Jacques Debot, écrivain tsigane
Tribune parue dans Le DDV n°687, été 2022
Souvent il m’est arrivé d’entendre un Manouche ou un Yéniche, ce sont eux dont je suis le plus proche, qui, dans un moment de contrariété consécutif à une mésentente, s’emportait contre la société majoritaire, contre « ces Gadjé qui ne peuvent pas nous voir ».
L’emportement passager débouche sur un constat pessimiste et surtout essentialisant, pourquoi les Gadjé ne pourraient-ils pas nous voir ? Pas nous voir, pas nous sentir, pas nous blairer, pas nous encaisser ni nous supporter, l’antagonisme serait-il irréductible ? Ces Gadjé, ces « autres », c’est-à-dire la société majoritaire, seraient-ils dans l’incapacité de nous voir ou refuseraient-ils de nous voir, nous accepter ? Est-ce une question de pouvoir ou de vouloir ?
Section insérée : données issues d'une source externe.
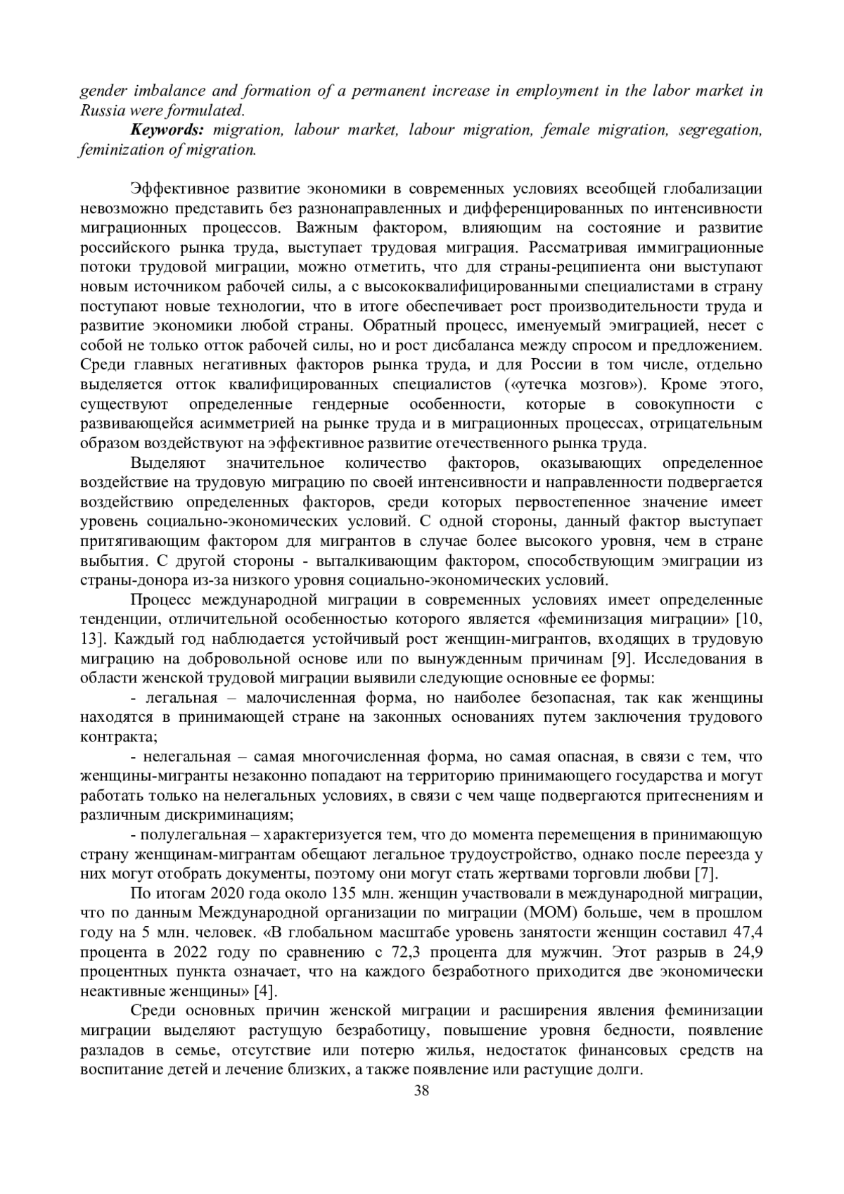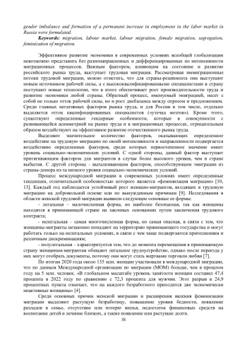 В современных условиях развитие экономики любой страны в значительной степени зависит от эффективности рынка труда, что определяется его структурой, высокой степенью адаптации к экономическим тенденциям, развитой законодательной базой, а также статистическими изменениями в трудовой миграции. В статье изучаются теоретические основы в области миграционных процессов, рассматриваются и характеризуются различные виды «гендерной сегрегации», кроме этого, особое внимание уделяется гендерной специфике в миграционных процессах, оказывающих определенное воздействие на рынок труда. Проведенный статистический анализ определил реальное состояние рынка труда в России, учитывающий особенности гендерных аспектов. В процессе работы были выявлены тенденции, оказывающие негативное воздействие на существующую трудовую миграцию среди женщин, а также выделены ключевые барьеры, ограничивающие доступ на отечественный рынок труда женщин трудовых иммигрантов. На основе проведенного исследования были сформулированы конкретные меры, направленные на снижение уровня гендерного дисбаланса и формирование постоянного увеличения занятости на рынке труда в России.

Débats, promesses et complexité
Le regard que la société majoritaire porte sur la minorité tsigane est réputé problématique. Invariablement, toute exposition, toute conférence ayant pour sujet les Roms ou les Tsiganes affichera l’ambition de « changer le regard ». La photographe unetelle a travaillé plusieurs semaines en immersion chez les Manouches de l’Est ou les Gitans de Perpignan. Quand vous aurez vu ses photos, le regard que vous portez sur les Tsiganes aura changé. Quand vous aurez assisté à cette conférence donnée par telle grande association de lutte contre le racisme, votre regard aura changé. Le sésame pour obtenir l’affluence du public et les subventions nécessaires au vernissage d’une exposition photographique ou la tenue d’une conférence concernant les Tsiganes passera neuf fois sur dix par la promesse, voire l’engagement, de faire changer le regard porté sur notre minorité.
Mais pourquoi ce regard devrait-il changer ? Serait-il obsolète, grevé de préjugés séculaires, de stéréotypes inadmissibles, biaisé par les réseaux sociaux, la presse, les discours politiques, le cinéma, voire les travaux universitaires ? Malheureusement, une conférence suivie d’un débat, une exposition photographique, fussent-elles de grande qualité, ne sauraient constituer un antidote profitable ou un vaccin efficace contre les discours de mépris, de rejet, de haine quotidiennement diffusés pour accabler les Roms et les Tsiganes. Le problème est infiniment plus complexe.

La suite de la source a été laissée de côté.